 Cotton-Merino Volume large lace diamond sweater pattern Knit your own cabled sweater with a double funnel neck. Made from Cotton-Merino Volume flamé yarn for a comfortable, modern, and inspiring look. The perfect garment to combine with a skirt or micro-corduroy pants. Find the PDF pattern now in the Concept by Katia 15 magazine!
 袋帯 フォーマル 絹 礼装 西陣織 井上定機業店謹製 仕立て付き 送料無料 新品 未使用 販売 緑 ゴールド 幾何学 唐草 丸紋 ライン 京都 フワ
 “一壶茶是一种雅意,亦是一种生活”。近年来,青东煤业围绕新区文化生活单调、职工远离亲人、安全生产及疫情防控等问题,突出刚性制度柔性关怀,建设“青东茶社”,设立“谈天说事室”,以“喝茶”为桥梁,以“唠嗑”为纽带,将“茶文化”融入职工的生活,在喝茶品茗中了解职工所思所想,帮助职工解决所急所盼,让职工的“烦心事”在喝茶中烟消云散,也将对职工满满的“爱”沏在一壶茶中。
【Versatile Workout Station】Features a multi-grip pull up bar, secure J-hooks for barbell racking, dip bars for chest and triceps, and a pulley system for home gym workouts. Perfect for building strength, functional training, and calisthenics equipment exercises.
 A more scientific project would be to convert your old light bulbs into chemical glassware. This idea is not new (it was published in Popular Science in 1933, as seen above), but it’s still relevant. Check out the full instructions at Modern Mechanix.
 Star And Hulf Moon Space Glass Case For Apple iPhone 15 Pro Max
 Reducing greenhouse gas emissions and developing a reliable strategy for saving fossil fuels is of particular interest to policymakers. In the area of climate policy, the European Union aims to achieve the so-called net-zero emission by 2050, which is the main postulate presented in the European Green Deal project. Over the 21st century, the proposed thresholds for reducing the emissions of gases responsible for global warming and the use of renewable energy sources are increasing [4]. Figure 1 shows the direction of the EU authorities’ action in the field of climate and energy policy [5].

§ Required work
Please set down the full listing above, word for word.

§ Answer section
 Cotton-Merino Volume large lace diamond sweater pattern Knit your own cabled sweater with a double funnel neck. Made from Cotton-Merino Volume flamé yarn for a comfortable, modern, and inspiring look. The perfect garment to combine with a skirt or micro-corduroy pants. Find the PDF pattern now in the Concept by Katia 15 magazine!
 袋帯 フォーマル 絹 礼装 西陣織 井上定機業店謹製 仕立て付き 送料無料 新品 未使用 販売 緑 ゴールド 幾何学 唐草 丸紋 ライン 京都 フワ
 “一壶茶是一种雅意,亦是一种生活”。近年来,青东煤业围绕新区文化生活单调、职工远离亲人、安全生产及疫情防控等问题,突出刚性制度柔性关怀,建设“青东茶社”,设立“谈天说事室”,以“喝茶”为桥梁,以“唠嗑”为纽带,将“茶文化”融入职工的生活,在喝茶品茗中了解职工所思所想,帮助职工解决所急所盼,让职工的“烦心事”在喝茶中烟消云散,也将对职工满满的“爱”沏在一壶茶中。
【Versatile Workout Station】Features a multi-grip pull up bar, secure J-hooks for barbell racking, dip bars for chest and triceps, and a pulley system for home gym workouts. Perfect for building strength, functional training, and calisthenics equipment exercises.
 A more scientific project would be to convert your old light bulbs into chemical glassware. This idea is not new (it was published in Popular Science in 1933, as seen above), but it’s still relevant. Check out the full instructions at Modern Mechanix.
 Star And Hulf Moon Space Glass Case For Apple iPhone 15 Pro Max
 Reducing greenhouse gas emissions and developing a reliable strategy for saving fossil fuels is of particular interest to policymakers. In the area of climate policy, the European Union aims to achieve the so-called net-zero emission by 2050, which is the main postulate presented in the European Green Deal project. Over the 21st century, the proposed thresholds for reducing the emissions of gases responsible for global warming and the use of renewable energy sources are increasing [4]. Figure 1 shows the direction of the EU authorities’ action in the field of climate and energy policy [5].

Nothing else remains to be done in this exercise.